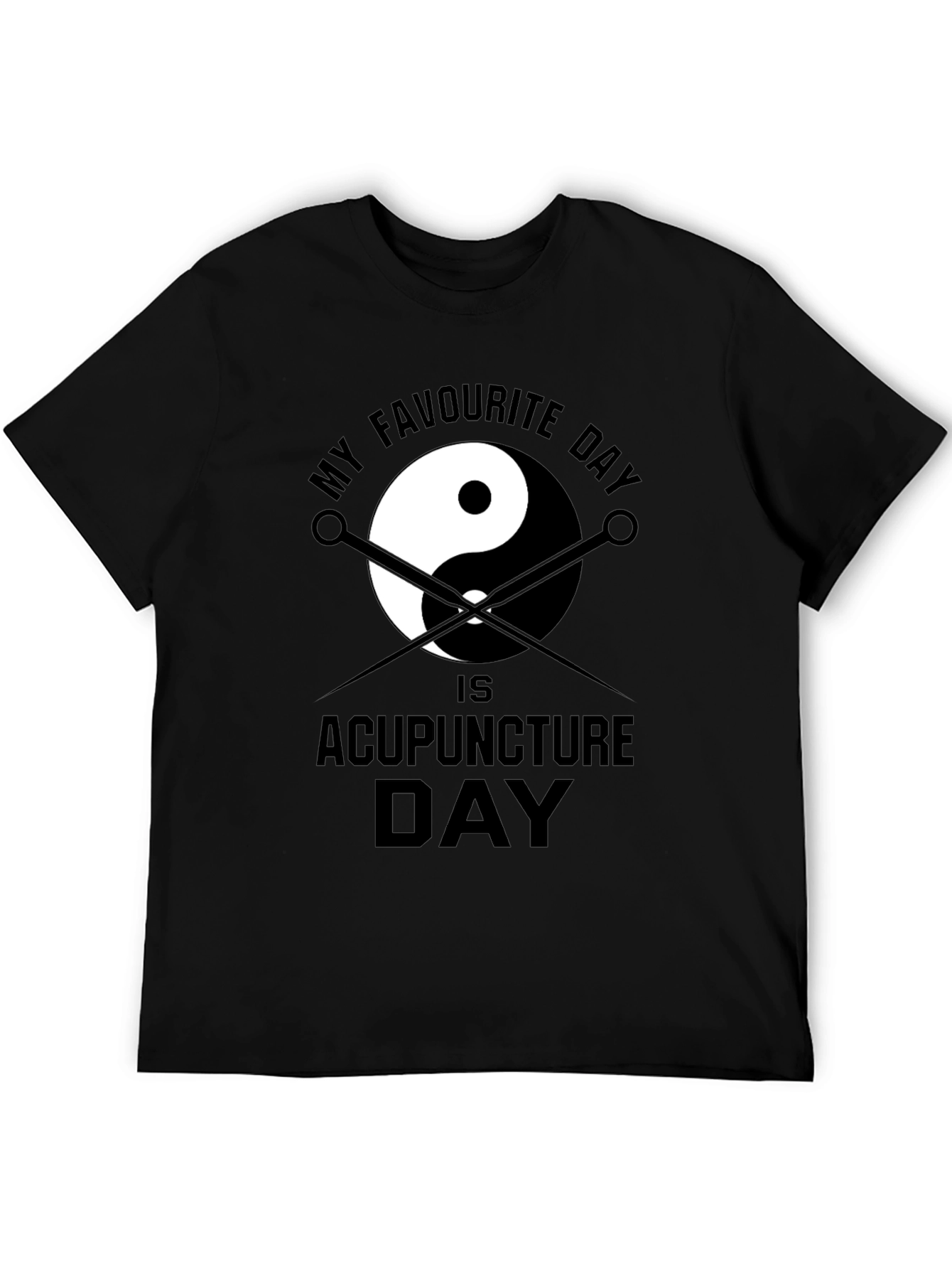 Embrace balance and wellness with this unique graphic t-shirt. Featuring a classic yin yang symbol creatively integrated with acupuncture needles, this shirt makes a statement. The bold black design is printed on what appears to be a soft, comfortable cotton material, perfect for everyday wear. Show your appreciation for traditional medicine and holistic health with this eye-catching tee. Ideal for acupuncture enthusiasts, massage therapists, or anyone seeking inner peace. This shirt will become a conversation starter.
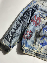 by dealing with me you acknowledge you’ve read, understood. All sales are final, no returns. •BALENCIAGA 2018 GRAFFITI DENIM JACKET •9.5/10 CONDITION •NO FLAWS •SIZE 44 ON TAG MEASUREMENT: -WIDTH 23.5 INCHES (pit to pit) -LENGHT 28.5 INCHES (TOP TO BOTTOM) if you like what I’m selling make sure to click “Follow seller” next to my name! This will allow you to keep up with all my new listings,Buy with CONFIDENT!
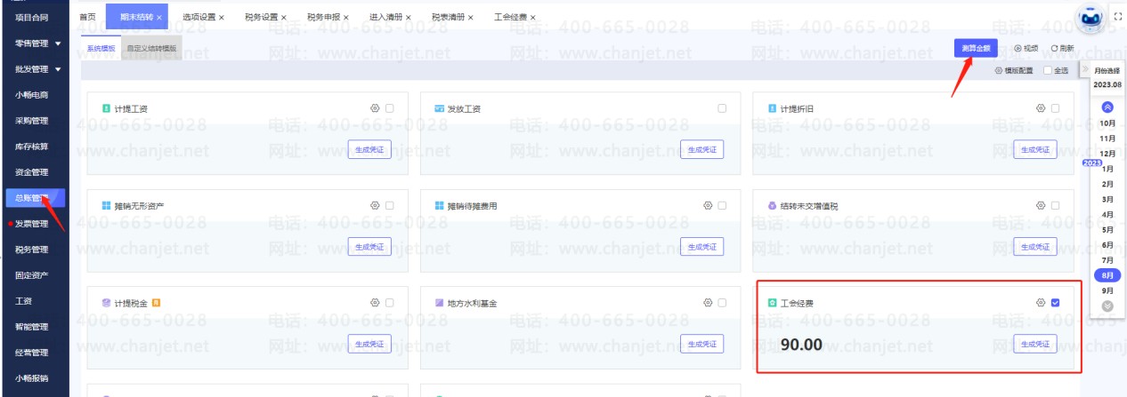 好业财软件中是可以自动计提工会经费的涉及的工会经费直接是在总账模块的期末结转生成。
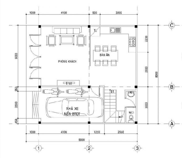 Mặt bằng của ngôi nhà phố 8x9m sẽ được phân chia làm hai diện tích với mỗi bên có chiều ngang tương ứng là 3m và 5m, và không gian bố trí song song để lưu thông không khí, ánh sáng cùng với hệ thống mạng lưới điện nước cũng dễ dàng hơn. Bước vào mặt bằng thiết kế tầng 1 với 1 phòng khách, 1 bếp + ăn, 1 gara oto và 1 nhà vệ sinh.
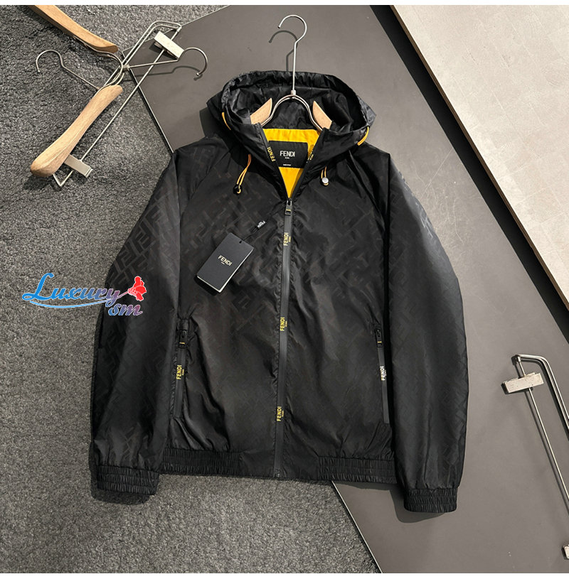 FENDI-02222 펜디 블랙 FF 나일론 바람막이 후드 재킷 남성용

_ _ _

## Work to be completed:
Reproduce, without alteration and without pictures, only those lines that lie between the first line of the entries above and the line containing "好业财软件中是可以自动计提工", both of them included.

## The answer:
 Embrace balance and wellness with this unique graphic t-shirt. Featuring a classic yin yang symbol creatively integrated with acupuncture needles, this shirt makes a statement. The bold black design is printed on what appears to be a soft, comfortable cotton material, perfect for everyday wear. Show your appreciation for traditional medicine and holistic health with this eye-catching tee. Ideal for acupuncture enthusiasts, massage therapists, or anyone seeking inner peace. This shirt will become a conversation starter.
 by dealing with me you acknowledge you’ve read, understood. All sales are final, no returns. •BALENCIAGA 2018 GRAFFITI DENIM JACKET •9.5/10 CONDITION •NO FLAWS •SIZE 44 ON TAG MEASUREMENT: -WIDTH 23.5 INCHES (pit to pit) -LENGHT 28.5 INCHES (TOP TO BOTTOM) if you like what I’m selling make sure to click “Follow seller” next to my name! This will allow you to keep up with all my new listings,Buy with CONFIDENT!
 好业财软件中是可以自动计提工会经费的涉及的工会经费直接是在总账模块的期末结转生成。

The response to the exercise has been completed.